More than 80 per cent of firefighters are volunteers. When the siren in Bunnythorpe, Ashhurst, Feilding and hundreds of other small towns across our motu goes off, these volunteers drop whatever they are doing and rush to the station, not really knowing what they are going to encounter and how long it will take.
Being a city-based volunteer brigade it takes us longer to get our truck out the door but most of these crews manage to get their rigs with lights and sirens on the road in less than six minutes, because with a fire, a crash or a heart attack those first minutes are the most important.
Firefighters expose themselves to risks at every callout, both mental and physical.
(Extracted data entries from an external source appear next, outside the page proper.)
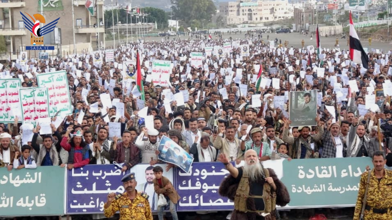 وأكد المشاركون في المسيرات الاستمرار في إسناد الشعب الفلسطيني حتى إيقاف العدوان على غزة، منددّين باستهداف العدوان الصهيوني للأعيان والمنشآت المدنية في العاصمة صنعاء ومحافظة الحديدة.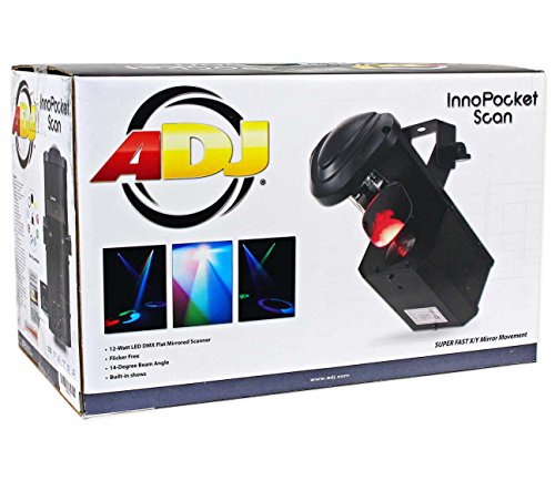 Studio : ADJ Products Publisher : ADJ Products Binding : Electronics Product Description It's time for a Scanner revolution! With it's compact size and light weight, the ADJ Inno Pocket Scan is an ideal lighting effect for any mobile entertainer, small nightclub, bar our lounge and for Bowling and entertainment centers. This fixtures features a bright 12-Watt LED engine and 12 exciting built-in light shows in a very compact, mobile case. This pocket sized, flat mirrored Scanner has a 14-degrees beam angle that projects 8 fixed GOBO/Color patterns (plus spot/white) from a single wheel. The Inno Pocket Spot is built with high quality, precision stepper motors for speed and accuracy. The fast mirror speed means that the Inno Pocket Scan is great for high energy music, and provides a great compliment to Moving Head effects for pure lighting excitement. 0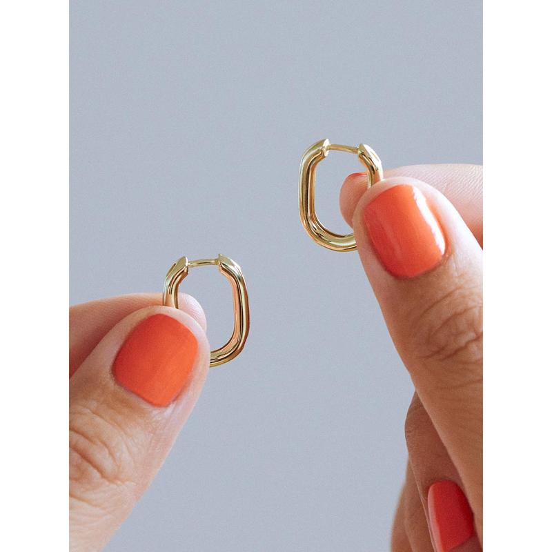 Not your average huggie hoop - the Rox Small huggies are so unique & fun!! These come in silver + two other sizes too 🫶 #ovalhoops #ovalhoopearrings #uniquehoops #uniqueearrings #goldhoops #minimalisthoops #minimalistearrings #tiktokshopjewelry #tiktokshopearrings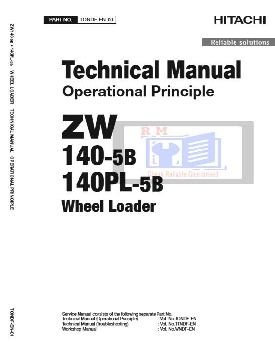 This official Operational Principles Manual is part of the Technical Manual set for the Hitachi ZW140-5B and ZW140PL-5B Wheel Loaders, providing a deep understanding of how the machine’s systems work. Designed for service engineers and technicians, this manual explains the theory, design, and function of all major components and control systems, including hydraulics, powertrain, and electronics.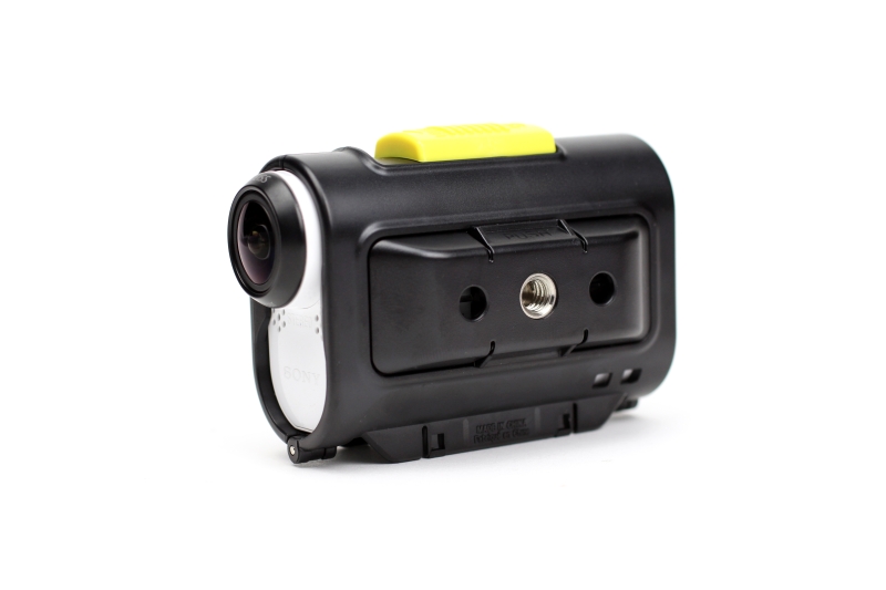 HDR-AS100V付属のウォータープルーフケースだと水平にマウントできないので、これでマウントの幅が広がります。

For the volunteers in busy stations, they may get called to these kinds of incidents 10 or 12 times a month, while professional firefighters do this on a daily basis.
Some risks are in your face and we have plans to deal with them, but other silent, hidden risks are not so easy to deal with. The emotional toll of connecting with victims in a state of physical and mental stress can slowly build up.
The physical toll of breathing in smoke and other fumes is also not fully understood and tracked. Part of the industrial action the professional firefighters are currently engaged in is to demand better care for their long-term hauora. For all firefighters, we do it because we want to serve our community, but we do ask that the community looks after us as well.
• Dave Mollard is a Palmerston North community worker and social commentator.